Storing Hierarchical Data in a Database

Hi there.
I’ve been working on this problem for a few days now…
If anyone can answer this, it would be a huge help.
In the midst of creating a photo gallery with unlimmited sub categories…how can I find a parent’s ID provided that I have a subcategory ID.

For example,


function get_parent_id ( $sub_cat_id )
{
// process, process...
return $parent_id;
}

my table looks like this


ID | Name | Lft | Rgt | ParentID

Anyone? I’m even willing to give a small donation or whatever…

Thanks a bunch,
Dustin

Me again.
Brain Fart.

I played around a bit more and came up with this.


<?php
class find_parent
{
var $id;
var $left;
var $right;
	function find_parent ( $id )
	{
	$this->id = $id;
	$q = mysql_query("select m_c_left,m_c_right from multimedia_category where m_c_id='$this->id'");
		while ( $r = mysql_fetch_array($q) ) 
		{
		$this->left = $r['m_c_left'];
		$this->right = $r['m_c_right'];
		}
	}
	function get_values ()
	{
	$qq = mysql_query("select m_c_left,m_c_right,m_c_id from multimedia_category where m_c_right > '$this->right'
	and m_c_left < '$this->left'
	order by m_c_left desc limit 1");
		while ( $rr = mysql_fetch_array($qq) )
		{
		return $rr['m_c_id'];
		}
	}
}
?>

Using PostgreSQL, you can store the hierarchical path for each node in an array of smallints:

create table treedata (
id integer not null primary key,
node smallint not null,
name text not null
);

insert into treedata values (1, ‘{0}’, ‘Food’);

insert into treedata values (2, ‘{0,0}’, ‘Fruit’);

insert into treedata values (3, ‘{0,0,0}’, ‘Red’);

insert into treedata values (4, ‘{0,0,0,0}’, ‘Cherry’);

insert into treedata values (5, ‘{0,0,0,1}’, ‘Strawberry’);

insert into treedata values (6, ‘{0,0,1}’, ‘Yellow’);

insert into treedata values (7, ‘{0,0,1,0}’, ‘Banana’);

insert into treedata values (8, ‘{0,1}’, ‘Meat’);

insert into treedata values (9, ‘{0,1,0}’, ‘Beef’);

insert into treedata values (10, ‘{0,1,1}’, ‘Pork’);

To retrieve, just SELECT FROM treedata ORDER BY node ASC;

To retrieve a branch: SELECT FROM treedata WHERE node[1:3] = ‘{0,0,0}’;

This retrieves ‘Red’ and its children.

Updating is simply a matter of saying: UPDATE datatree set node[3] = 2 WHERE node[1:3] = ‘{0,0,0}’;

This puts ‘Red’ after ‘Yellow’.

Hope this helps.

Just further to my post about PostgreSQL arrays, you can easily find all the immediate children of a node too:

SELECT * FROM treedata WHERE node[1:2] = ‘{0,0}’ AND node[4] IS NULL;

This retrieves ‘Red’ and ‘Yellow’, but not their children.

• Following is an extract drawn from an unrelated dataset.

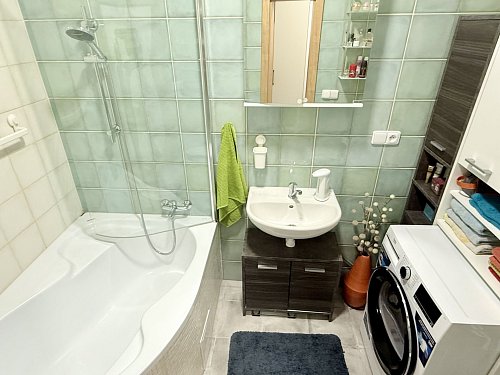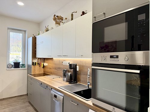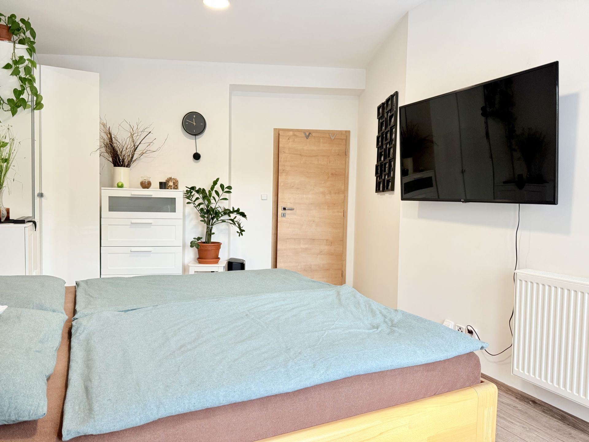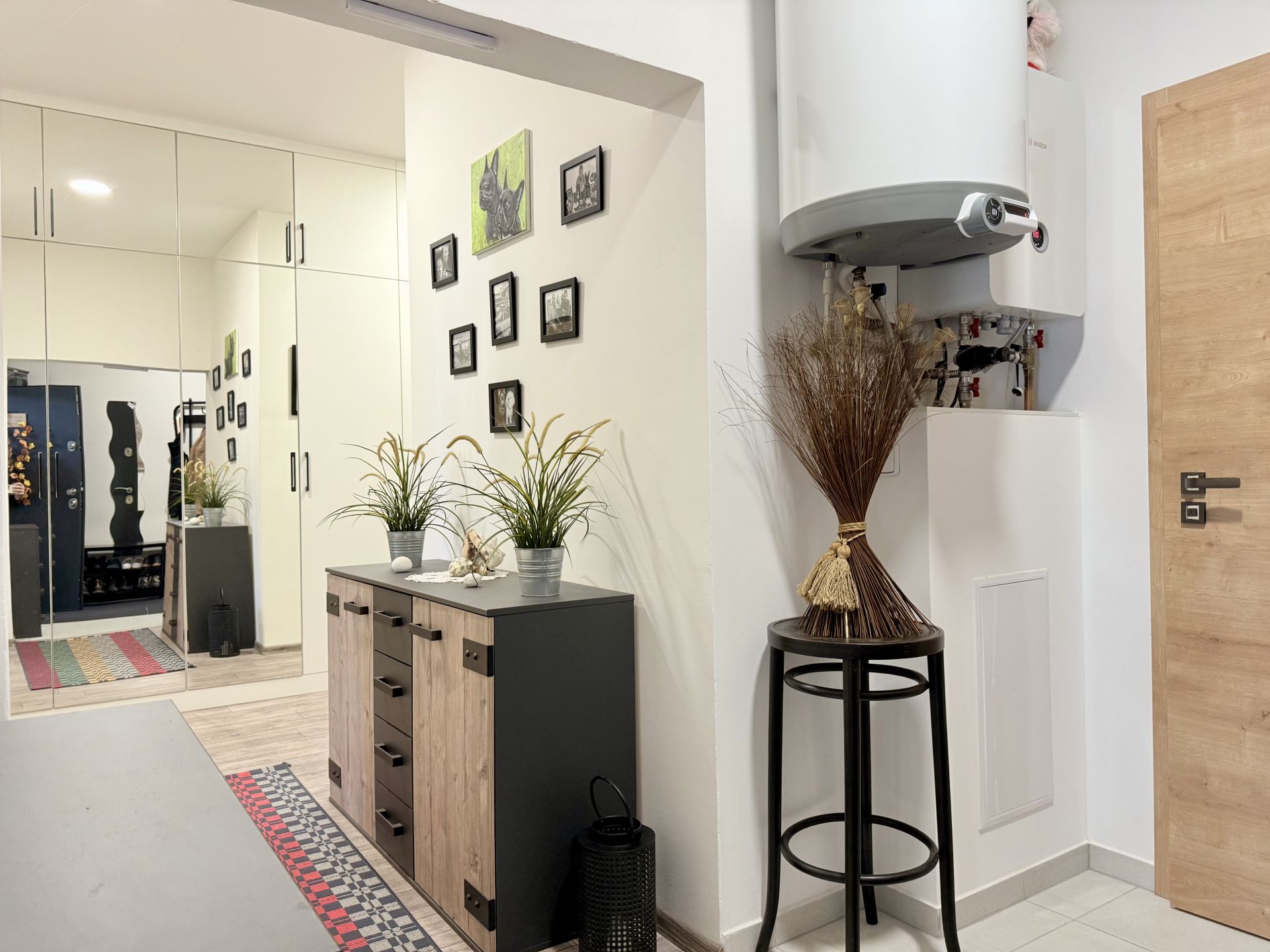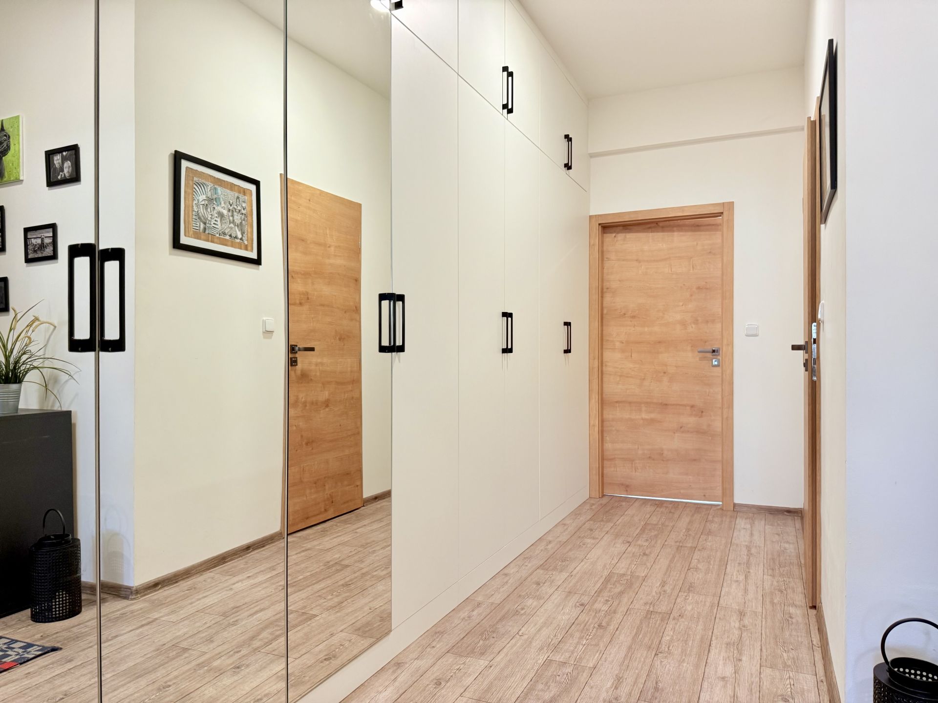 Užitná plocha bytu činí komfortních 70 m². Po vstupu do bytu vás přivítá menší předsíň plynule navazující na chodbu propojující všechny místnosti – koupelnu, samostatnou toaletu, ložnici a obývací pokoj s kuchyňským koutem. V chodbě jsou instalovány kvalitní vestavné skříně až ke stropu, které poskytují opravdu velkorysý úložný prostor a zároveň nenarušují vzdušnost bytu. Dispozice působí velmi čistě a logicky – vše má své místo, nic nepůsobí stísněně. Podlahy jsou řešeny vinylem v kombinaci s dlažbou. Koupelna i toaleta jsou samostatně, což zvyšuje komfort každodenního užívání. Vybavení kuchyně vestavěnými spotřebiči je kompletní.

Just further to my post about PostgreSQL arrays, you can easily find all the immediate children of a node too:

SELECT * FROM treedata WHERE node[1:2] = ‘{0,0}’ AND node[4] IS NULL;

This retrieves ‘Red’ and ‘Yellow’, but not their children.

Can you easily retrieve just the immediate children of a given node via modified pre-order tree traversal?

Suppose you want a series of web pages to walk down a tree, so that each page displays just a node and its immediate children (each child linking to a page that displays it and its children)?

One dynamic web page could handle this recursive algorithm with my array-based tree quite easily and efficiently.

Sigh!

Sorry, make all those queries with SELECT FROM… into SELECT * FROM…

It is hard writing comments in such tiny text fields!

I was just browsing around and found this article. Great theories but why would you ever want to store hierarchical data in a flat database? Unless of course it was the only choice you had it seems like a bad idea to me. The first way takes too much system resources and the second has to have the tree rebuilt everytime you add a row to the table. Icky. I’d say this is the perfect situation for an XML database. An article that explores the XML database options for heirarchical data and php would be a great companion for this article. Anyone know of a good one?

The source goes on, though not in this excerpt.